Print the listing below word for word, but drop any pictures it contains.

* * *

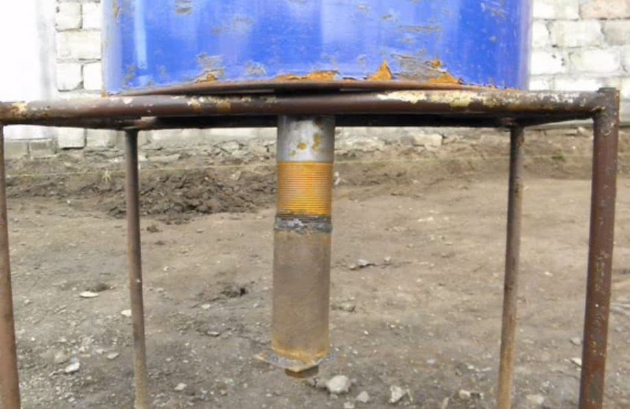 Длина трубы зависит от подставки, на которой будет размещена бочка — около 30-40 сантиметров
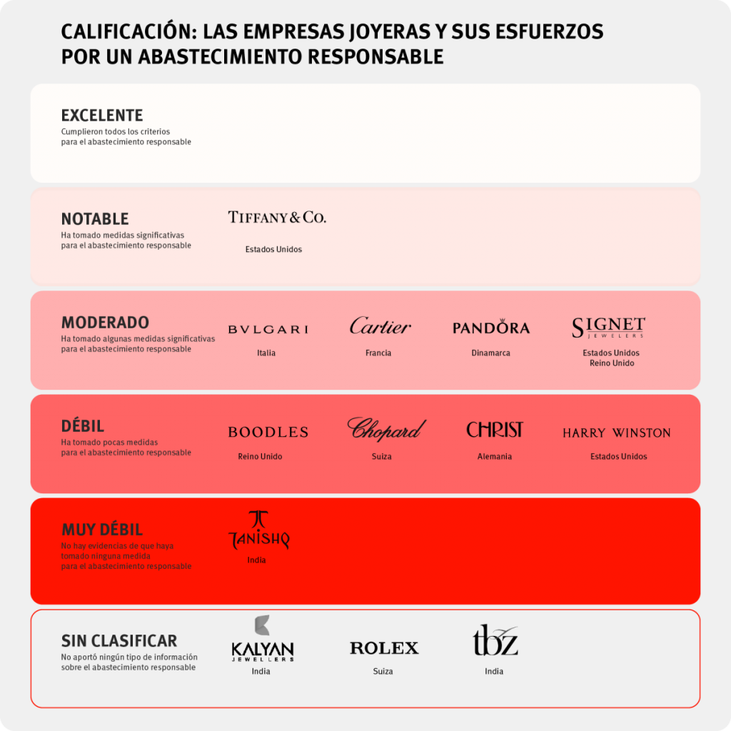 Según Human Rigths Watch ninguna de las trece empresas son clasificadas como excelentes, pero Tiffany and Co, fue posicionada como sólida por tomar medidas para asegurar un abastecimiento responsable:
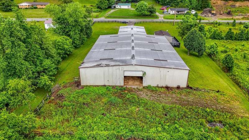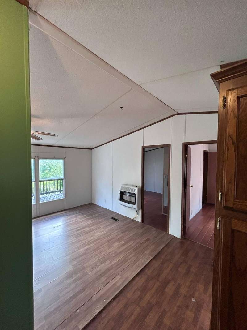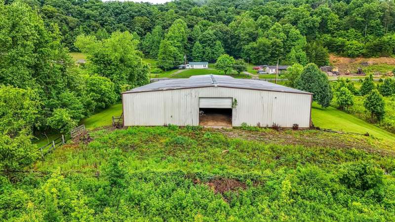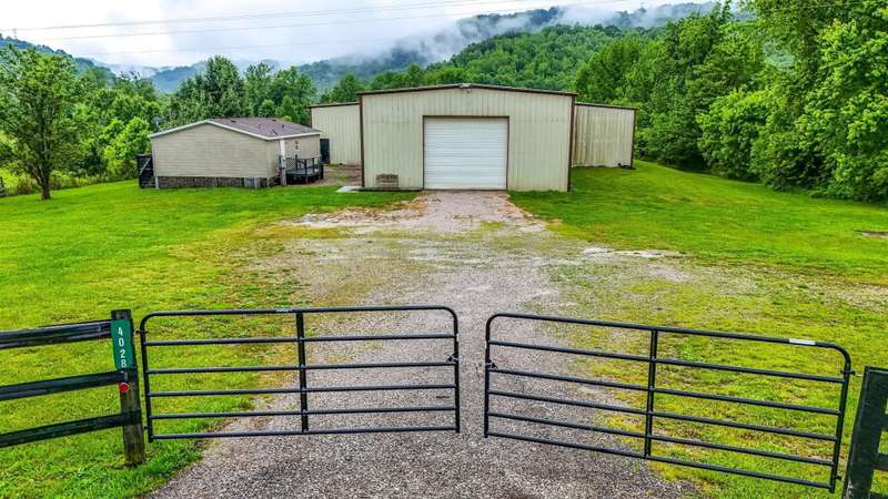 Investors take notice! Acreage, horse arena, garage, and a home, this place has it all! Beginning with the acreage, there is 60 acres more or less. There is a creek along the back side of the property, as well as, a pond. In addition, a 2001 double wide with 3 bed and two full bath. A beautiful deck that wraps around the home to view this beautiful property. Home has a new water heater along with free gas. This portion of the property is gated. Beginning in the front, there is a 40x60 Garage that has new concrete 2024. There is a catwalk, that will take you to a one bed one bath on the second story of the garage, this space could also be used as an office. Behind this garage is the arena, dirt floor measuring at 90x120. This property has free gas and gas royalties that sell with the property.
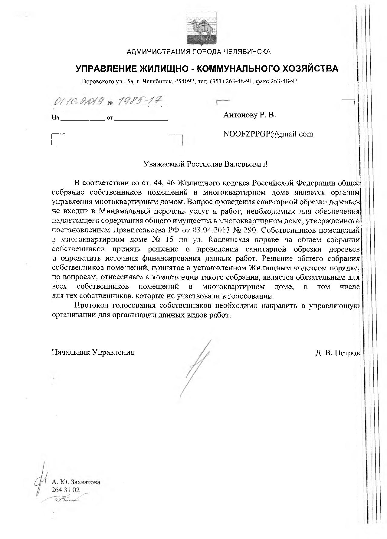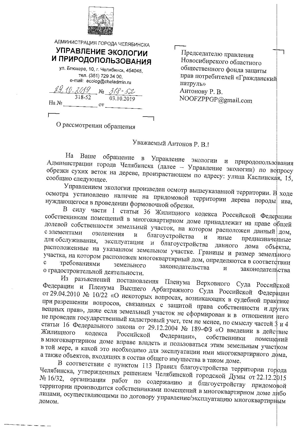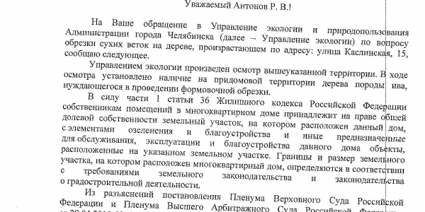 Номер жалобы:59497 Тип жалобы:Прочее Название объекта: Регион:Челябинская область Город:Челябинск Адрес:Каслинская улица, 15 Описание жалобы:На дереве большое количество сухих веток, которые могут упасть при сильном ветре. По весне Дез приезжали на спил, но на это дерево не хватило сил или терпения. Статус:
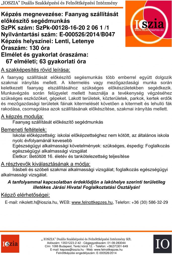 (OKJ: 34 811 04, Engedélyszám: E-000526/2014/A016)
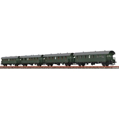 Das Brawa 4er Set umfasst vier exakt nachgebildete Personenwagen mit zahlreichen separat angesetzten Details. Die fein gravierten Nieten, vorbildgerechten Achslagerdeckel und Bremsanlagen sowie die extra angesetzten Federpakete und Tritte unterstreichen die hohe Modellbauqualität. Alle Wagen verfügen über eine originalgetreue Inneneinrichtung und wurden in Maßstab und Farbgebung der Epoche III treu umgesetzt.
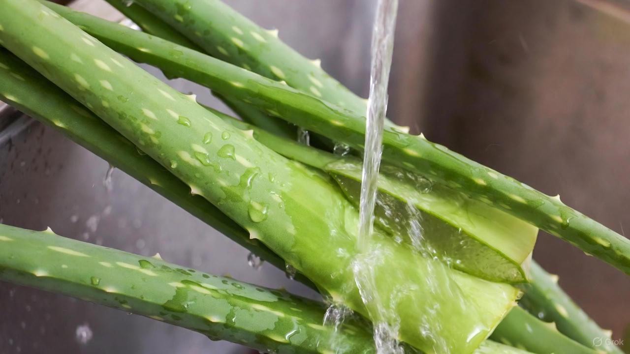 First, select a mature leaf and rinse it thoroughly. Cut it open lengthwise to scoop out the clear gel.
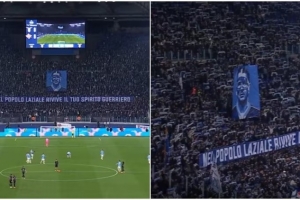 球迷們拉出的橫幅寫道:“拉齊奧人們的心中,你戰(zhàn)士般的靈魂永存。”
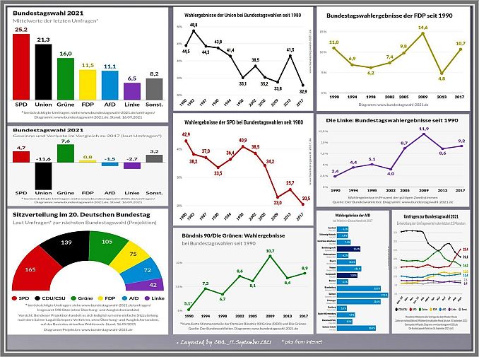 Một tuần trước cuộc bầu cử Quốc hội Đức (Bundestag), Liên đảng CDU/CSU đang cầm quyền đã mất đi sự ủng hộ của cử tri dành cho họ theo kết quả thăm dò ý kiến mới nhất kể trên. Kết quả cho thấy Liên đảng mất đi khoảng mười phần trăm chỉ còn hơn 20% so với kết quả bầu cử năm 2017. Ngược lại thì sự ủng hộ dành cho SPD và Xanh tăng, nhất là SPD đang dẫn đầu, hơn CDU/CSU 4-5%.
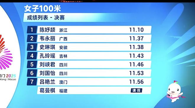 陈妤颉在两年前崛起,多次打破60米、100米和200米全国少年纪录、亚洲少年纪录。她被誉为最强中学生。陈妤颉今年的亚锦赛夺得了200米冠军,成为亚锦赛女子200米历史上最年轻的冠军选手。陈妤颉似乎在200米项目展现出更强的竞争力。 不过,在全运会赛场,陈妤颉这位天才少女,又带给了人们惊喜,在100米比赛她创造了神迹。陈妤颉预赛跑出11秒39,半决赛跑出11秒33。非常遗憾的是,梁小静因伤退出了100米比赛,连预赛都没参加。葛曼棋虽然跑了预赛和半决赛,但是因伤退出决赛。
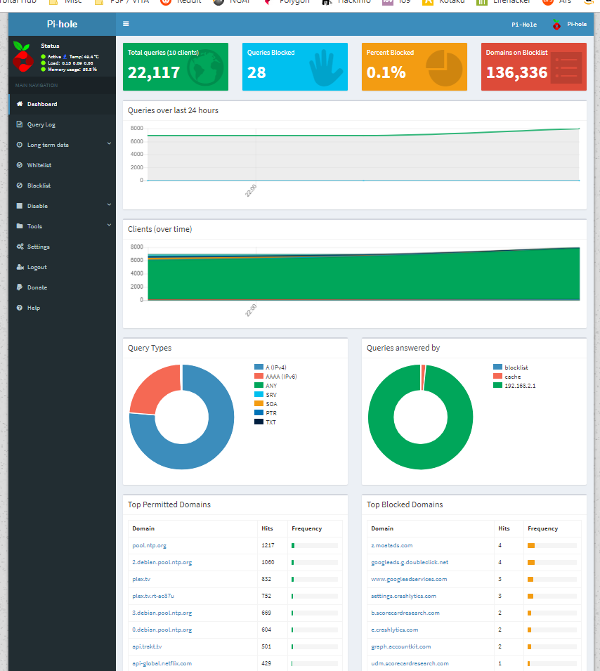 The screen capture of the dashboard doesn't account for that level of traffic - do you have some domains excluded from the top lists (Admin GUI > settings > API/Web interface)?
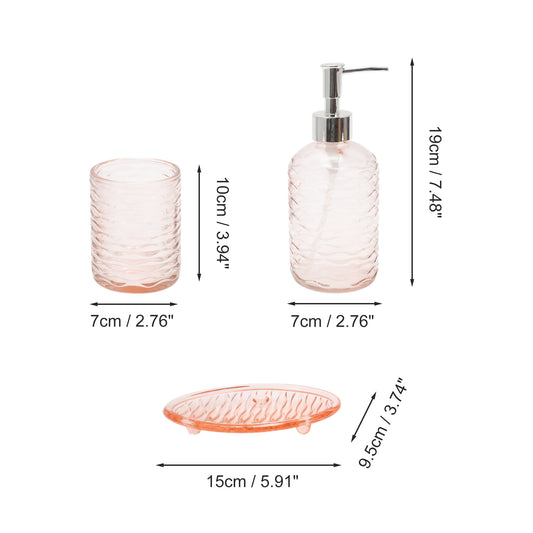 3 Pcs Set Durable Waves Bathroom Accessories Kit Pink
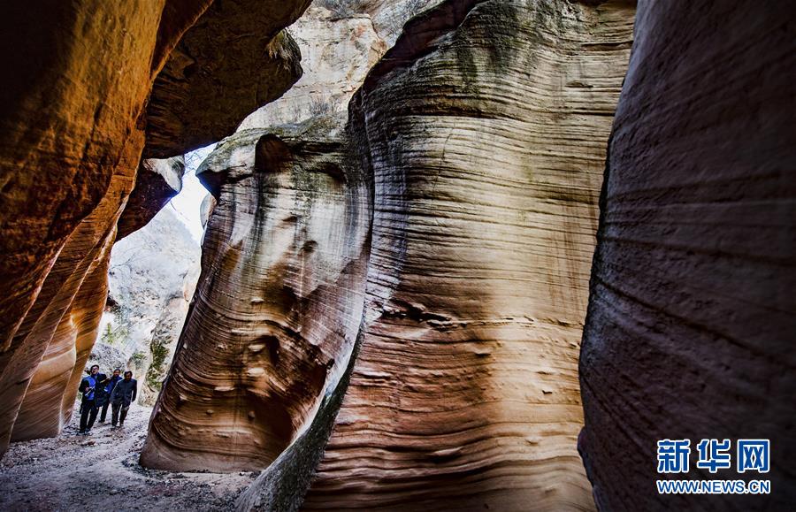 12月17日,游人在志丹县双河镇毛项峡谷内游览。 毛项峡谷位于陕西省延安市志丹县双河镇毛项村,峡谷全长12公里,分为9段,曲折绵延,谷内石壁凹凸不平,其中最窄处只能容一人侧身通过,堪称黄土高原上的自然奇观。 新华社记者 陶明 摄
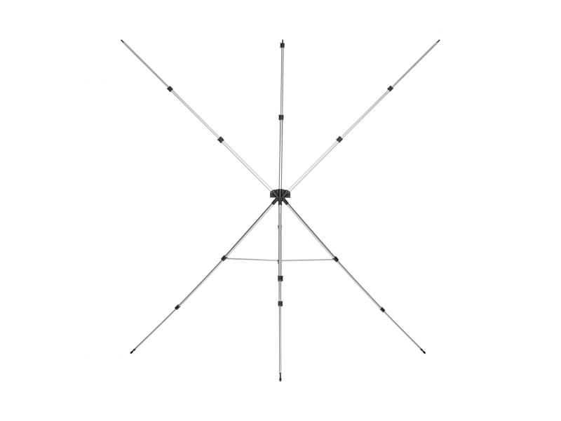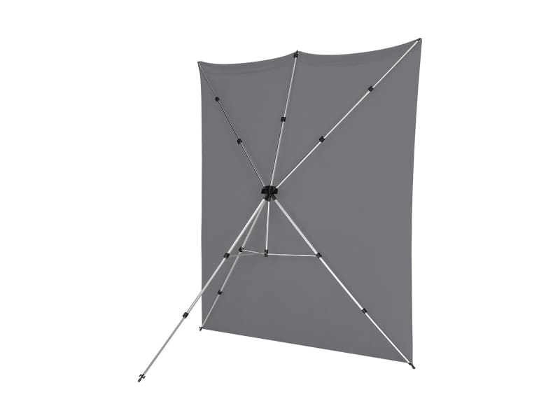 スタンドは、下部フレームとセンターハブ、センターハブに装着する延長アームで構成され、フレームとアームにはフックを内蔵。バックドロップに備えた金属製のグロメットをフックに固定して使用する。
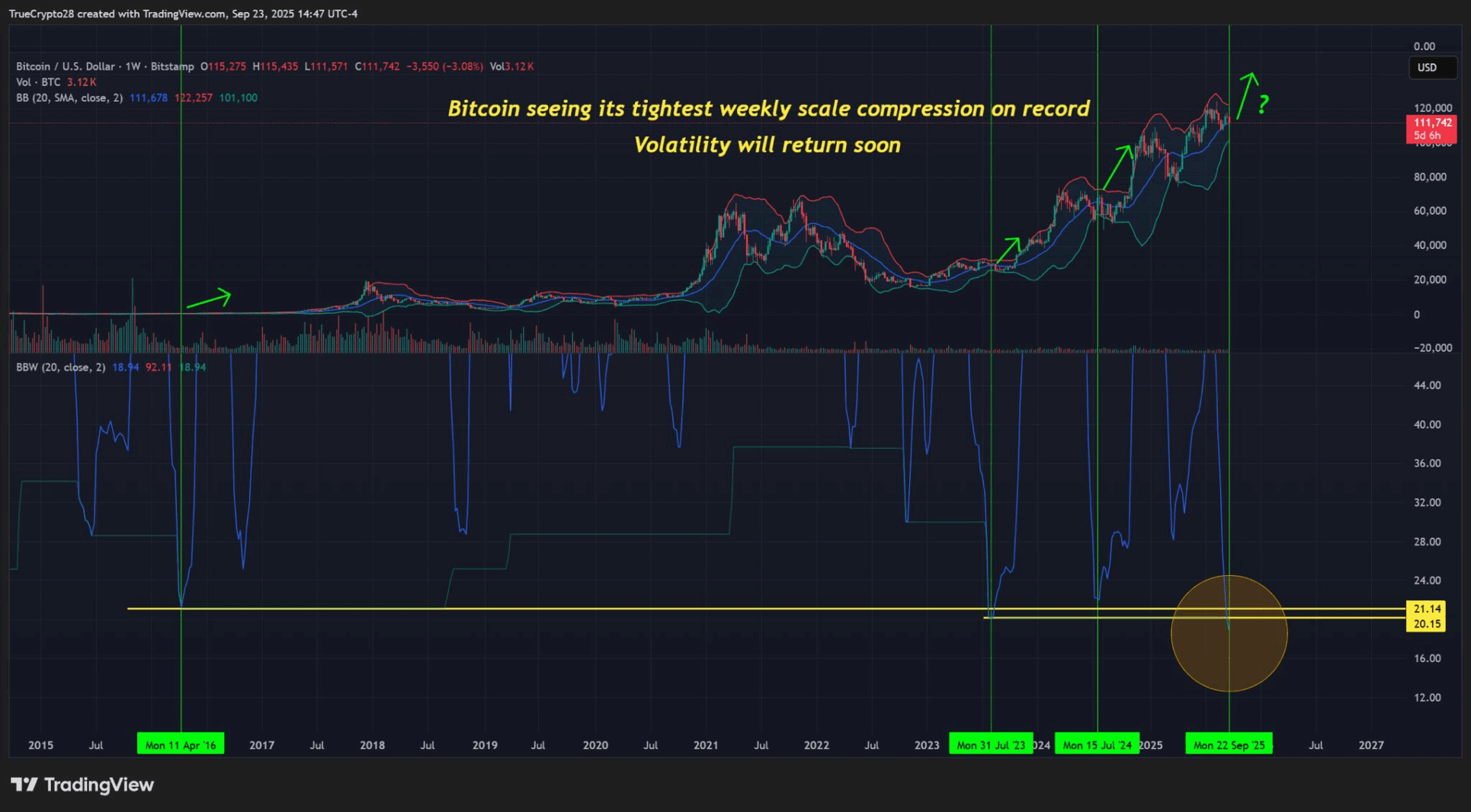 Auf X schrieb der bekannte Analyst Mr. Anderson, dass die wöchentlichen Bollinger Bänder für Bitcoin „nun die engsten jemals sind“. Dieser Indikator besteht aus zwei Linien um das Kursdiagramm, die anzeigen, wie stark der Kurs schwankt. Je näher die Linien beieinander liegen, desto geringer ist die Volatilität. „Wenn die Volatilität so stark komprimiert wird, folgt immer eine Expansion. Sobald diese beginnt, testet der Kurs oft schnell die äußeren Bänder“, so Anderson.
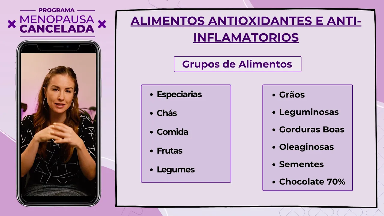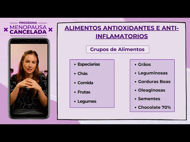 e não é [Música] oi oi minha linda seja muito bem-vinda à nossa segunda aula e nessa aula eu vou te contar Quais são os maiores vilões da mulher está passando pela menopausa são aqueles alimentos que você não pode comer de jeito nenhum ó tem que passar muito longe mas não se preocupa que eu vou te falar vários alimentos que você precisa e deve incluir ali na sua rotina no seu dia a dia e também o perigo do organismo inflamado e o baixo consumo de alimentos anti-inflamatórios e antioxidantes para a sua saúde né O que que
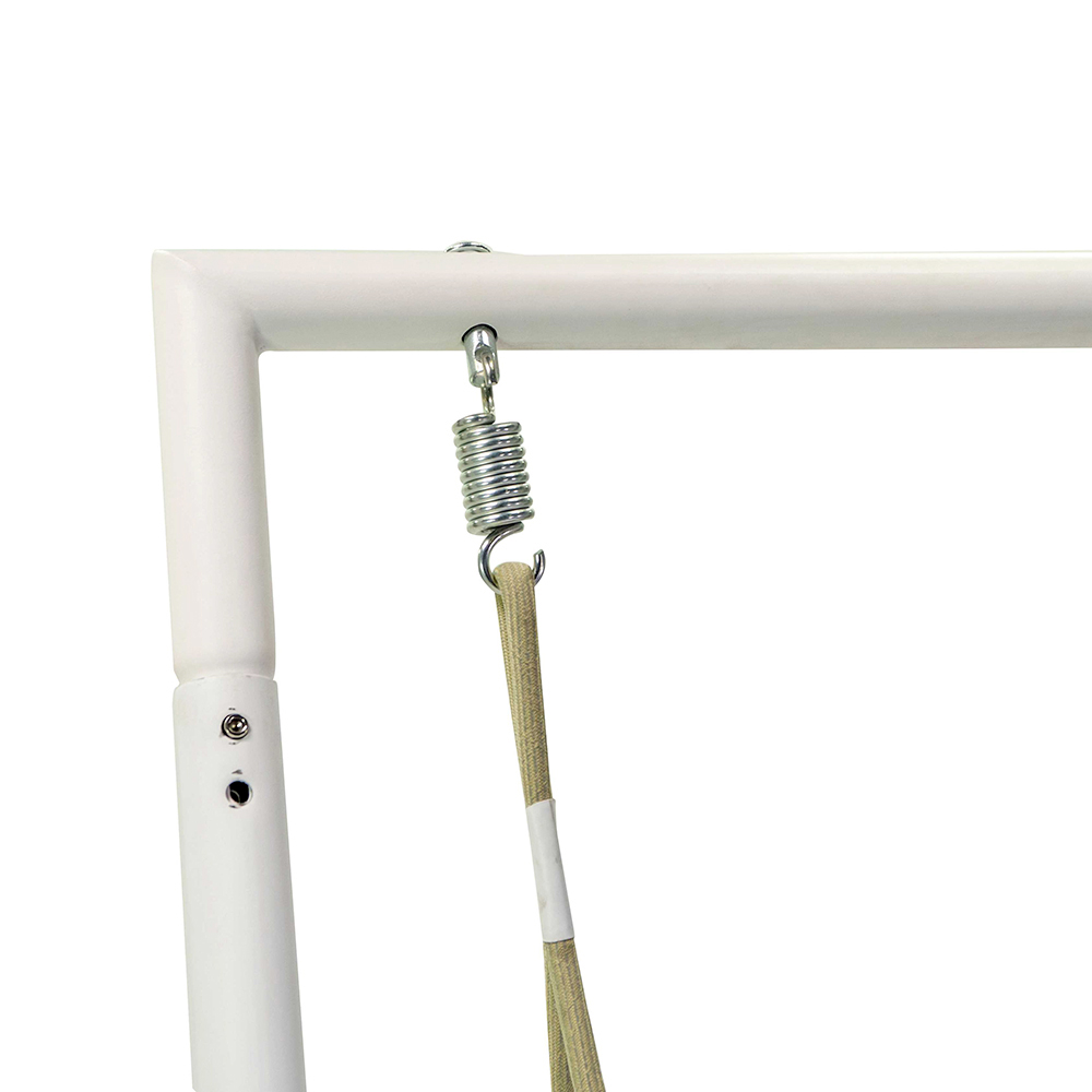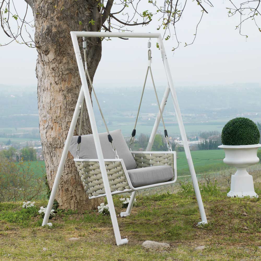 The swing is completed with thick and comfortable cushions in water-repellent fabric, which invite long afternoons of reading or serene coffee breaks. The modern and minimalist design, accentuated by the clean lines of the white structure, fits perfectly into any outdoor environment, adding a touch of contemporary style .
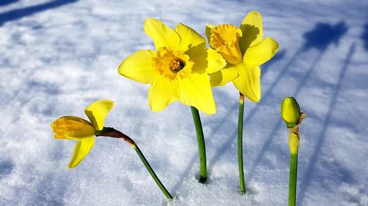 Narcissen zijn echte doorzetters. Een rare gewaarwording die gele bloemetjes zo midden in de sneeuw. Het zijn aankondigers van een nieuw seizoen. De winter wordt achter gelaten en we kijken weer vooruit naar warmere dagen.

* * *

[Output of the exercise]:
 Длина трубы зависит от подставки, на которой будет размещена бочка — около 30-40 сантиметров
 Según Human Rigths Watch ninguna de las trece empresas son clasificadas como excelentes, pero Tiffany and Co, fue posicionada como sólida por tomar medidas para asegurar un abastecimiento responsable:
 Investors take notice! Acreage, horse arena, garage, and a home, this place has it all! Beginning with the acreage, there is 60 acres more or less. There is a creek along the back side of the property, as well as, a pond. In addition, a 2001 double wide with 3 bed and two full bath. A beautiful deck that wraps around the home to view this beautiful property. Home has a new water heater along with free gas. This portion of the property is gated. Beginning in the front, there is a 40x60 Garage that has new concrete 2024. There is a catwalk, that will take you to a one bed one bath on the second story of the garage, this space could also be used as an office. Behind this garage is the arena, dirt floor measuring at 90x120. This property has free gas and gas royalties that sell with the property.
 Номер жалобы:59497 Тип жалобы:Прочее Название объекта: Регион:Челябинская область Город:Челябинск Адрес:Каслинская улица, 15 Описание жалобы:На дереве большое количество сухих веток, которые могут упасть при сильном ветре. По весне Дез приезжали на спил, но на это дерево не хватило сил или терпения. Статус:
 (OKJ: 34 811 04, Engedélyszám: E-000526/2014/A016)
 Das Brawa 4er Set umfasst vier exakt nachgebildete Personenwagen mit zahlreichen separat angesetzten Details. Die fein gravierten Nieten, vorbildgerechten Achslagerdeckel und Bremsanlagen sowie die extra angesetzten Federpakete und Tritte unterstreichen die hohe Modellbauqualität. Alle Wagen verfügen über eine originalgetreue Inneneinrichtung und wurden in Maßstab und Farbgebung der Epoche III treu umgesetzt.
 First, select a mature leaf and rinse it thoroughly. Cut it open lengthwise to scoop out the clear gel.
 球迷們拉出的橫幅寫道:“拉齊奧人們的心中,你戰(zhàn)士般的靈魂永存。”
 Một tuần trước cuộc bầu cử Quốc hội Đức (Bundestag), Liên đảng CDU/CSU đang cầm quyền đã mất đi sự ủng hộ của cử tri dành cho họ theo kết quả thăm dò ý kiến mới nhất kể trên. Kết quả cho thấy Liên đảng mất đi khoảng mười phần trăm chỉ còn hơn 20% so với kết quả bầu cử năm 2017. Ngược lại thì sự ủng hộ dành cho SPD và Xanh tăng, nhất là SPD đang dẫn đầu, hơn CDU/CSU 4-5%.
 陈妤颉在两年前崛起,多次打破60米、100米和200米全国少年纪录、亚洲少年纪录。她被誉为最强中学生。陈妤颉今年的亚锦赛夺得了200米冠军,成为亚锦赛女子200米历史上最年轻的冠军选手。陈妤颉似乎在200米项目展现出更强的竞争力。 不过,在全运会赛场,陈妤颉这位天才少女,又带给了人们惊喜,在100米比赛她创造了神迹。陈妤颉预赛跑出11秒39,半决赛跑出11秒33。非常遗憾的是,梁小静因伤退出了100米比赛,连预赛都没参加。葛曼棋虽然跑了预赛和半决赛,但是因伤退出决赛。
 The screen capture of the dashboard doesn't account for that level of traffic - do you have some domains excluded from the top lists (Admin GUI > settings > API/Web interface)?
 3 Pcs Set Durable Waves Bathroom Accessories Kit Pink
 12月17日,游人在志丹县双河镇毛项峡谷内游览。 毛项峡谷位于陕西省延安市志丹县双河镇毛项村,峡谷全长12公里,分为9段,曲折绵延,谷内石壁凹凸不平,其中最窄处只能容一人侧身通过,堪称黄土高原上的自然奇观。 新华社记者 陶明 摄
 スタンドは、下部フレームとセンターハブ、センターハブに装着する延長アームで構成され、フレームとアームにはフックを内蔵。バックドロップに備えた金属製のグロメットをフックに固定して使用する。
 Auf X schrieb der bekannte Analyst Mr. Anderson, dass die wöchentlichen Bollinger Bänder für Bitcoin „nun die engsten jemals sind“. Dieser Indikator besteht aus zwei Linien um das Kursdiagramm, die anzeigen, wie stark der Kurs schwankt. Je näher die Linien beieinander liegen, desto geringer ist die Volatilität. „Wenn die Volatilität so stark komprimiert wird, folgt immer eine Expansion. Sobald diese beginnt, testet der Kurs oft schnell die äußeren Bänder“, so Anderson.
 e não é [Música] oi oi minha linda seja muito bem-vinda à nossa segunda aula e nessa aula eu vou te contar Quais são os maiores vilões da mulher está passando pela menopausa são aqueles alimentos que você não pode comer de jeito nenhum ó tem que passar muito longe mas não se preocupa que eu vou te falar vários alimentos que você precisa e deve incluir ali na sua rotina no seu dia a dia e também o perigo do organismo inflamado e o baixo consumo de alimentos anti-inflamatórios e antioxidantes para a sua saúde né O que que
 The swing is completed with thick and comfortable cushions in water-repellent fabric, which invite long afternoons of reading or serene coffee breaks. The modern and minimalist design, accentuated by the clean lines of the white structure, fits perfectly into any outdoor environment, adding a touch of contemporary style .
 Narcissen zijn echte doorzetters. Een rare gewaarwording die gele bloemetjes zo midden in de sneeuw. Het zijn aankondigers van een nieuw seizoen. De winter wordt achter gelaten en we kijken weer vooruit naar warmere dagen.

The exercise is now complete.